The application of AI to DevOps will result in AIOps that reduces the need for manual intervention. From anomaly detection to root cause analysis to predictive scaling to intelligent monitoring, AIOps-based technology will become the smart operations tool. It may even replace L1 and L2 support teams with intelligent automation.

AIOps will become a significant trend of 2019.

THE CONVERGENCE OF CONTAINERS AS A SERVICE AND FUNCTIONS AS A SERVICE
Serverless computing is no more a buzzword. It is becoming one of the fastest-growing cloud service delivery models. Amazon, Google, IBM, and Microsoft offer serverless computing models in their respective public cloud environments.

Functions as a Service (FaaS) is one of the delivery models of serverless computing in which developers upload code snippets packaged as modular functions. These functions are invoked in response to events generated by a variety of external sources such as databases, storage containers, streams, and even user interfaces. AWS Lambda, Azure Functions, Google Cloud Functions, and IBM Cloud Functions are some of the implementations in the public cloud.

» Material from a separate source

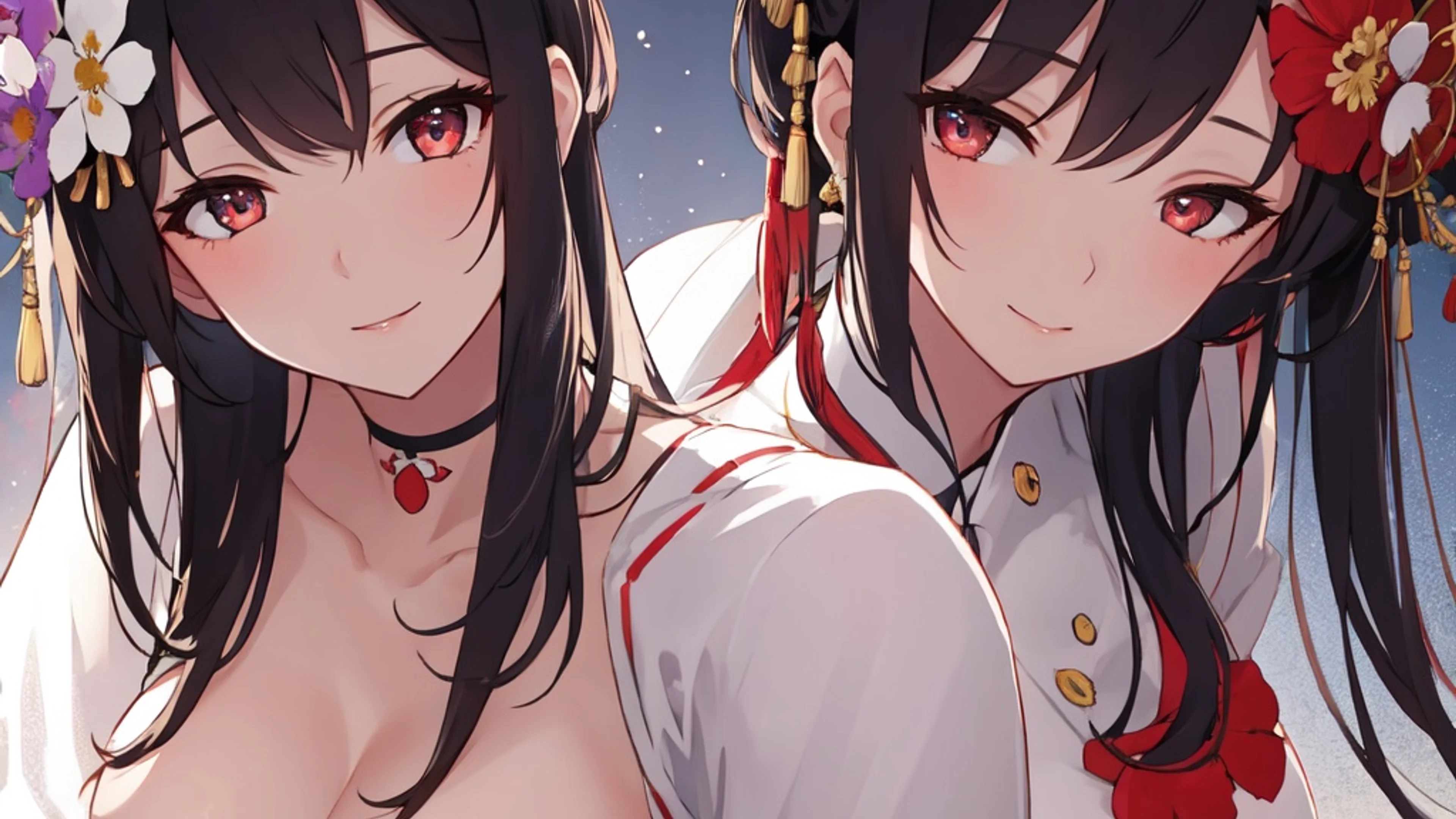 The Puzzle Yuri Kissing Scene is a breathtaking masterpiece that depicts two adult women, a geisha and a nurse, embracing passionately in a colorful flower meadow. The artwork features beautiful face.

In 2019, we will see two trends – the convergence of CaaS and FaaS, and standardization of FaaS.

Serverless was the most discussed topic at KubeCon 2018 that concluded last week. The industry is coming together to make Kubernetes the platform for deploying event-driven functions that are invoked in response to internal and external events. Next year, I expect to see FaaS becoming a first-class citizen in the container world.

There will be efforts in defining common standards for FaaS that brings portability and interoperability of functions.